What Is Chromosome Replication? - Chromosome Replication is the process that all 46 paired chromosomes in a human cell get replicated into 2 sets of identical 46 paired chromosomes. Chromosome Replication occurs when the cell is ready to be divided into 2 identical cells.

During the replication process of a chromosome, the double helix DNA structure hidden inside the chromosome gets replicated into two identical double helix DNA structures. So Chromosome Replication is also called DNA Replication.

Of course, when all 46 paired chromosomes are replicated in human cell, the entire human genome is also replicated into 2 copies.

The DNA replication process in a chromosome can be described as the following steps:

1. Loosening of Chromosome Fibre - As the first step of the DNA replication process, the chromosome fibre loosens and unwinds to expose the double helix DNA structure to give access to cell replication enzymes.

2. Formation of Replication Fork - When the double helix DNA structure is exposed, a special enzyme call DNA helicase comes in to break the hydrogen bonds of base pairs. This step changes the DNA structure into a Y shape known as the replication fork. The two forked branches represents the two complementary strands acting as templates to form 2 new double helix DNA structures.

Because DNA strands are directional from nucleotide residue point of view running running from the 5' end to the 3' end, the two complementary DNA strands separated by the replication fork are actually running opposite directions.
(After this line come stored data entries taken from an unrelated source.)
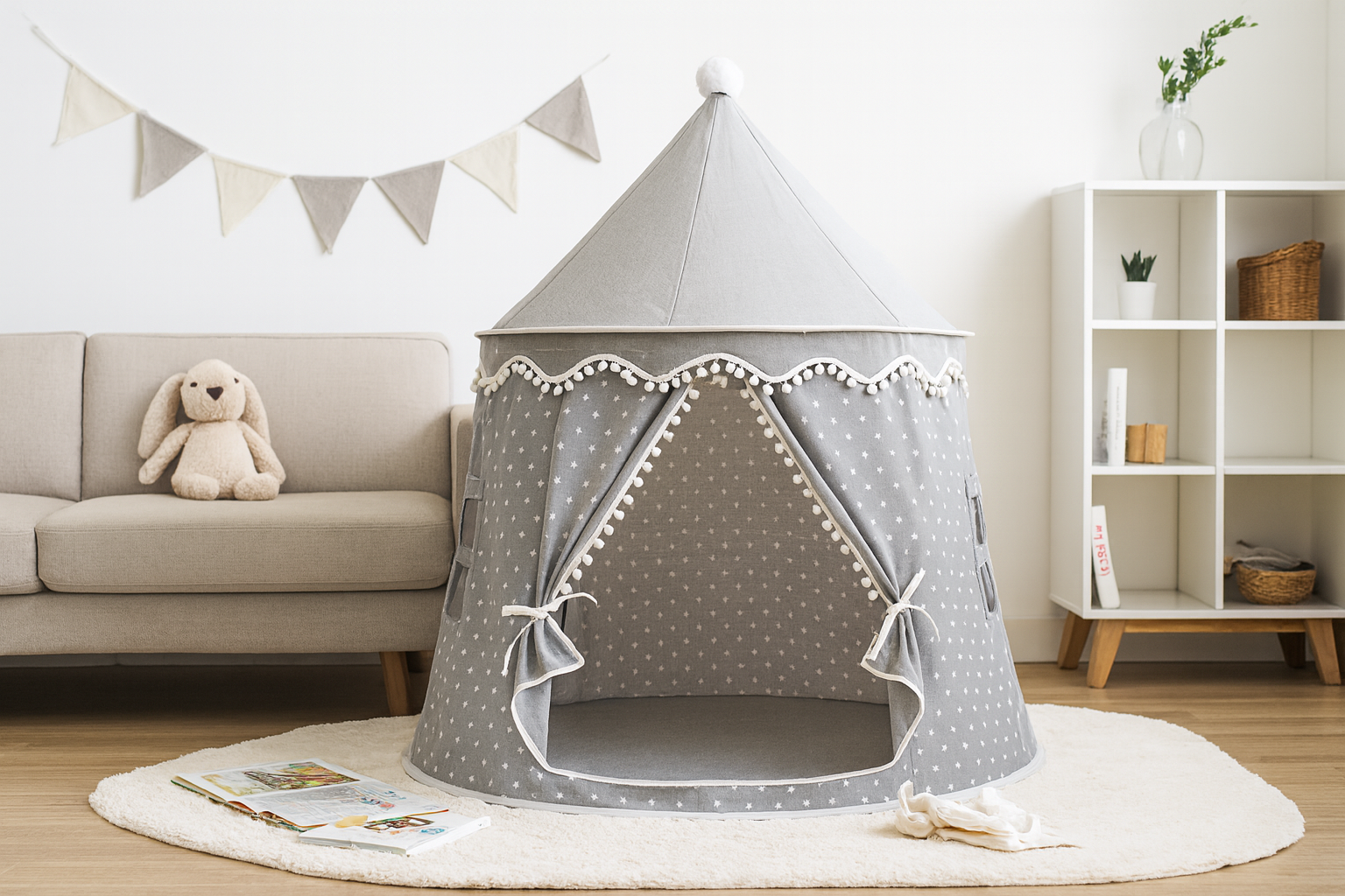 Son design arrondi et élégant, ses guirlandes à pompons et sa toile subtilement étoilée en font une cachette féerique pour lire, jouer ou s’inventer des histoires sous les étoiles — même en plein jour.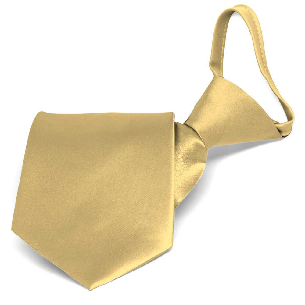 This pale gold solid color zipper tie is pre-tied and easy to use. When worn, it will look like a standard necktie. However, a zipper in the tie tail allows the collar to quickly expand and fit over the head without having to tie a knot. Available in a men's 20-inch length, as well as a 17-inch length that is ideal for women, teens or shorter men. These pre-tied ties are popular for individual use, but are also great for creating a uniform look among your group or staff. Add a matching pocket square for a refined look.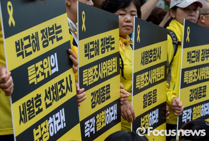 (서울=포커스뉴스) 1일 오전 서울 중구 나라키움저동빌딩 앞에서 열린 '세월호 특조위 성역없는 진상규명 조사 지속 지지 기자회견'에 참석한 416가족협의회와 4.16연대 회원들이 특조위 활동 보장을 요구하는 손팻말을 들고 있다.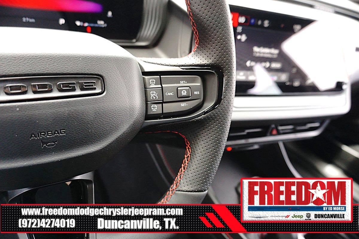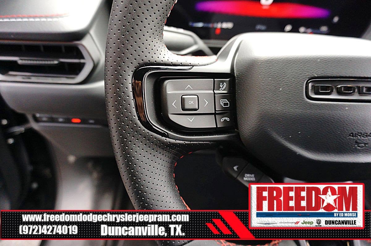 Big cash and no payments for 90 days! Our only Dealership add is GREAT CUSTOMER SERVICE. Real Deals, No Games and No Surprises. Price Includes only Rebates EVERYONE Qualifies for. We Make it Easy No Games. Equipped with Blacktop Package (Dark Exterior Badging, Dual Rear Exhaust with Black Tips, and Sport Suspension), Quick Order Package 21L R/T, AWD, Black Cloth, 12.3 Touchscreen Display, 18 x 8.5 Aluminum Wheels, 2-Way Manual Adjust Front Head Restraints, 4-Way Manual Adjust Front Passenger Seat, 4-Wheel Disc Brakes, 4G LTE Wi-Fi Hot Spot, 6 Speakers, ABS brakes, Air Conditioning, Alloy wheels, AM/FM radio: SiriusXM w/360L, Apple CarPlay/Android Auto, Automatic temperature control, Black Seats, Brake assist, Bumpers: body-color, Cloth Sport Seats, Compass, Connectivity - US/Canada, Delay-off headlights, Disassociated Touchscreen Display, Driver door bin, Driver vanity mirror, Dual front impact airbags, Dual front side impact airbags, Electronic Stability Control, Emergency communication system: Dodge Connect, Four wheel independent suspension, Front anti-roll bar, Front Bucket Seats, Front Center Armrest, Front dual zone A/C, Front License Plate Bracket, Front reading lights, Fully automatic headlights, Heated door mirrors, Heated Exterior Mirrors, Illuminated entry, Integrated Center Stack Radio, Knee airbag, Leather Shift Knob, Low Back Bucket Seats, Low tire pressure warning, Occupant sensing airbag, Outside temperature display, Overhead airbag, Overhead console, Panic alarm, ParkView Rear Back-Up Camera, Passenger door bin, Passenger vanity mirror, Power Adjust Mirrors, Power door mirrors, Power steering, Power windows, Radio data system, Radio: Uconnect 5 with 12.3 Display, Rear anti-roll bar, Rear reading lights, Rear seat center armrest, Rear window defroster, Remote keyless entry, Security system, Speed control, Split folding rear seat, Sport steering wheel, Steering wheel mounted audio controls, Tachometer, Telescoping steering wheel, Tilt steering wheel, Traction control, Trip computer, Variably intermittent wipers, Wheels: 20 x 9 Black Aluminum, Wireless Apple CarPlay, and Wireless Google Android Auto Freedom uses very reasonable effort to ensure the accuracy of information, we are not responsible for any errors or omissions contained on these pages. Please verify any information in question with Freedom Chrysler Dodge Jeep Ram * Images, prices, and options shown, including vehicle color, trim, options, pricing and other specifications are subject to availability, incentive offerings, current pricing and credit worthiness. * MSRP is the Manufacturer's Suggested Retail Price (MSRP) of the vehicle. It does not include any taxes, fees or other charges. Pricing and availability may vary based on a variety of factors, including options, dealer, specials, fees, and financing qualifications. Consult your dealer for actual price and complete details. Vehicles shown may have optional equipment at an additional cost. * The estimated selling price that appears after calculating dealer offers is for informational purposes, only. You may not qualify for the offers, incentives, discounts, or financing. Not all rebates are compatible with each other. Offers, incentives, discounts, or financing are subject to expiration and other restrictions. See dealer for qualifications and complete details. * In transit means that vehicles have been built but have not yet arrived at your dealer. Images shown may not necessarily represent identical vehicles in transit to the dealership. See dealer for actual price, payments and complete details. EPA Estimates are only estimating. Tax, title, license (unless itemized above) are extra. Not available with special finance, lease and some other offers.

The forked strand that runs in the same direction as the forking process is called the leading strand. The other forked strand that runs in the opposite direction as the forking process is called the lagging strand.

3. Binding of RNA Primers - For the leading strand, a short complementary RNA called primer is paired to the beginning of the strand to form the beginning chunk of the new double helix DNA structure.
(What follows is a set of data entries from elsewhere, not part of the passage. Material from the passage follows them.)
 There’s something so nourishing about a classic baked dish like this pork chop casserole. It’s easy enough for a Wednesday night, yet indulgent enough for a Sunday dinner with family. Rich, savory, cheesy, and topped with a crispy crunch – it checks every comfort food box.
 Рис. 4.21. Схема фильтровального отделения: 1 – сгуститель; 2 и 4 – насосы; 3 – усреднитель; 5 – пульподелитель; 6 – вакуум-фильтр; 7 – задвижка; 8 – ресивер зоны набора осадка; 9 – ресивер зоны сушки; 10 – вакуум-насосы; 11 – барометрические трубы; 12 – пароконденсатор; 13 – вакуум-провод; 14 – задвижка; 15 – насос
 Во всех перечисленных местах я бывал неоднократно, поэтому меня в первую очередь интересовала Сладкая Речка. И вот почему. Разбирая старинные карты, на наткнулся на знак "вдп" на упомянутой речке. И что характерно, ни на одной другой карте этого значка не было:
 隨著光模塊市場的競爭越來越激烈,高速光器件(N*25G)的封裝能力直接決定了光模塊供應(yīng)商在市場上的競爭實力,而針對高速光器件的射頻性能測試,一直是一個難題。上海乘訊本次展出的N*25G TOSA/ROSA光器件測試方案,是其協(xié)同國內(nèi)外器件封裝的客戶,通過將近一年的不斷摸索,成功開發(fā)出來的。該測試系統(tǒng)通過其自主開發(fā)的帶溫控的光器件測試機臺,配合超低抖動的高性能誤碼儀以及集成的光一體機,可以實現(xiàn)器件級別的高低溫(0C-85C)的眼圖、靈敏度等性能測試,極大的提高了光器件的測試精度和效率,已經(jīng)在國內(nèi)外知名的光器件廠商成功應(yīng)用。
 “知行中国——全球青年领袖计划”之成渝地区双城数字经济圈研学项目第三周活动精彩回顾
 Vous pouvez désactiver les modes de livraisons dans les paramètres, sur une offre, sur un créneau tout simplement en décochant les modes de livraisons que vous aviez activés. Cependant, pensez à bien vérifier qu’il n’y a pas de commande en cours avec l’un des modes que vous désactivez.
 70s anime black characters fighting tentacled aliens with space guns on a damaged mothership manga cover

For the lagging strand, many short complementary RNA primers are paired to the strand with short gaps (only several bases wide) to form separated chunks of the new double helix DNA structure.
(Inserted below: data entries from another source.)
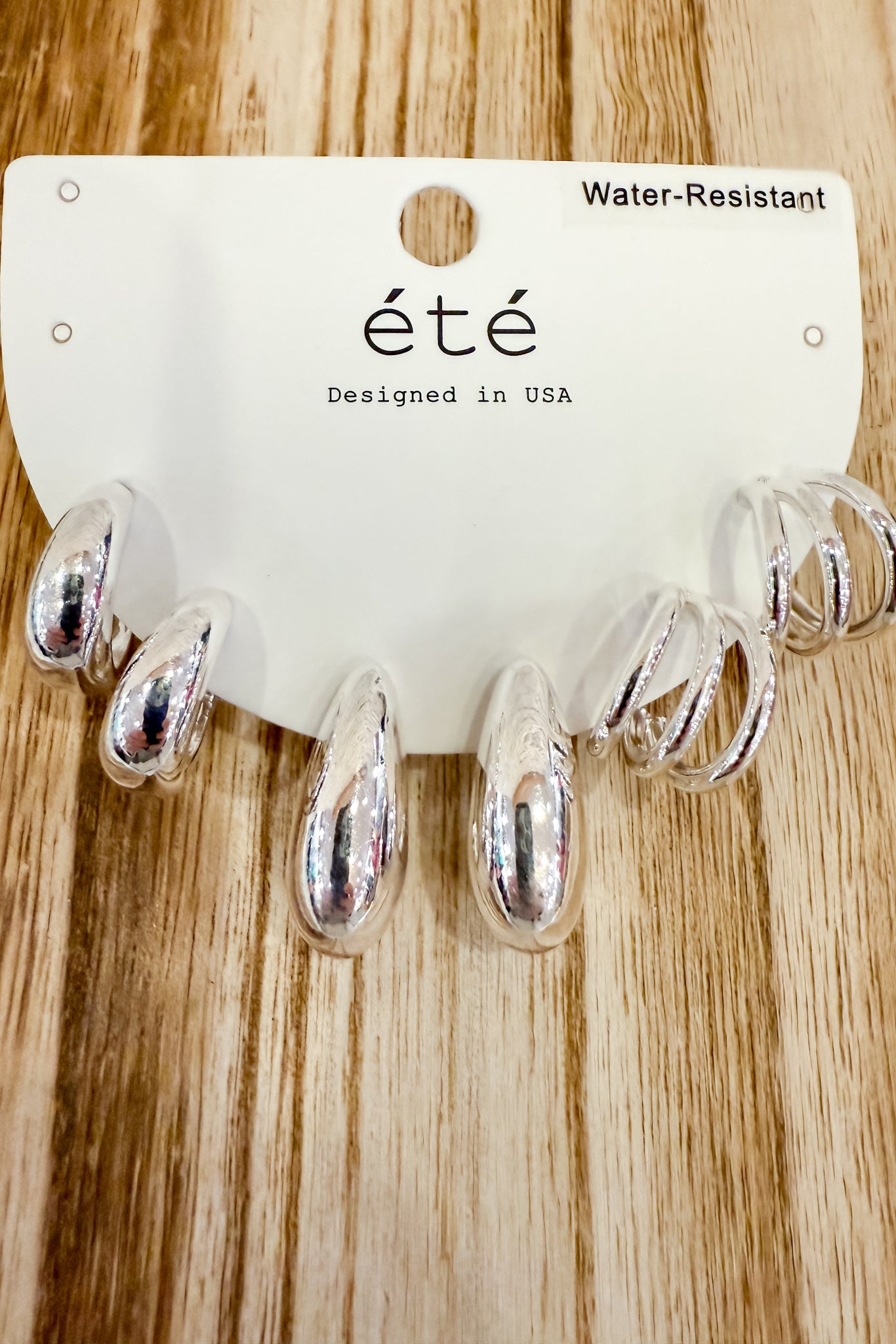 Elevate your everyday look with this versatile Silver Hoop Set, featuring three pairs of timeless hoops crafted from quality metal.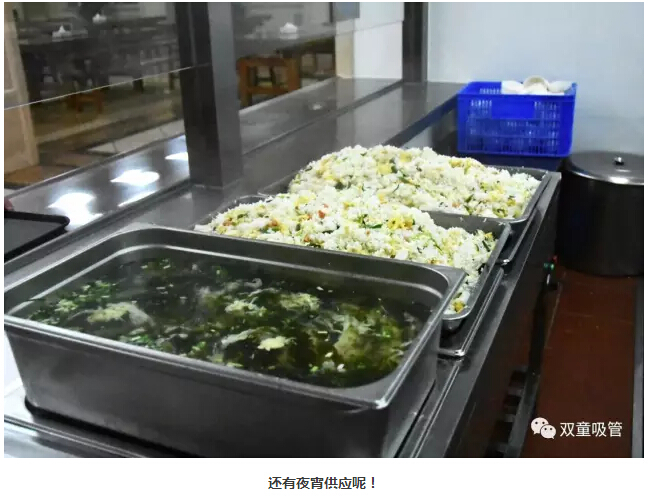 中餐和晚餐就更加豐盛啦,都是三菜一湯的標(biāo)準(zhǔn)。一葷兩素營養(yǎng)搭配,每天都不一樣哦!夜宵則有蛋炒飯、紫菜雞蛋湯、面條…… 晚上11點(diǎn)還有營養(yǎng)的夜宵供應(yīng),員工們進(jìn)了“雙童”可得胖三斤呀!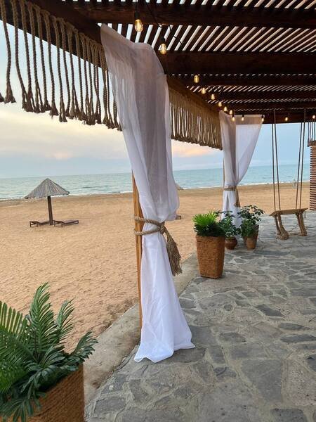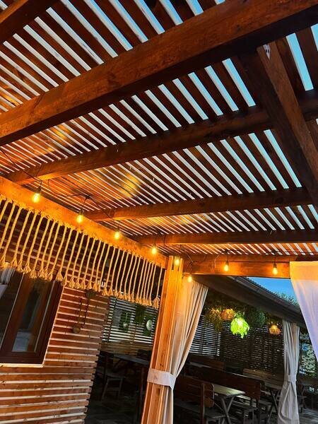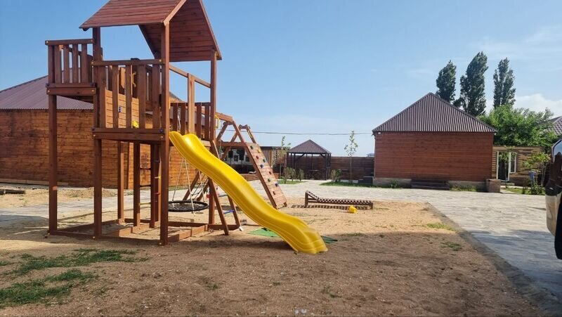 В распоряжении гостей беседки, мангалы и шикарный песчаный пляж с лежаками и зонтиками. Для юных гостей имеется детская площадка. Также есть возможность заказать трансфер.

RNA primers are generated by special enzymes called DNA primases.

4. Elongation Process - For the leading strand, a special enzyme called DNA polymerase pairs complementary nucleotides continuously one by one from beginning double helix chunk created by the RNA primer to grow the new double helix DNA structure.

For the lagging strand, DNA polymerases pairs complementary DNA pieces called Okazaki fragments into the gaps between double helix chunks created RNA primers to grow the new double helix DNA structure.

5. Termination - Once the Elongation Process is completed on both leading strand and lagging strand, the new formed complementary strands goes through a 4-step termination process.

Removing RNA primers - A special enzyme called exonuclease removes all RNA primers on both newly formed strands and replaces them with appropriate nucleotides.
Proofreading - Another exonuclease “proofreads” the newly formed strands to check, remove and replace any errors.
Joining Okazaki Fragments - A special enzyme called DNA ligase joins Okazaki fragments paired to the lagging strand together to complete the new double helix DNA structure.
Adding Telomeres - A special enzyme called telomerase catalyzes the synthesis of telomere sequences at the end of newly formed DNA strands as protective caps to prevent chromosomes fusing.

5. Coiling and Packaging - Two original DNA strands and their newly formed complementary strands are coiled into their double helix structures. Then they are packaged back to two identical chromosomes to end the entire DNA replication process.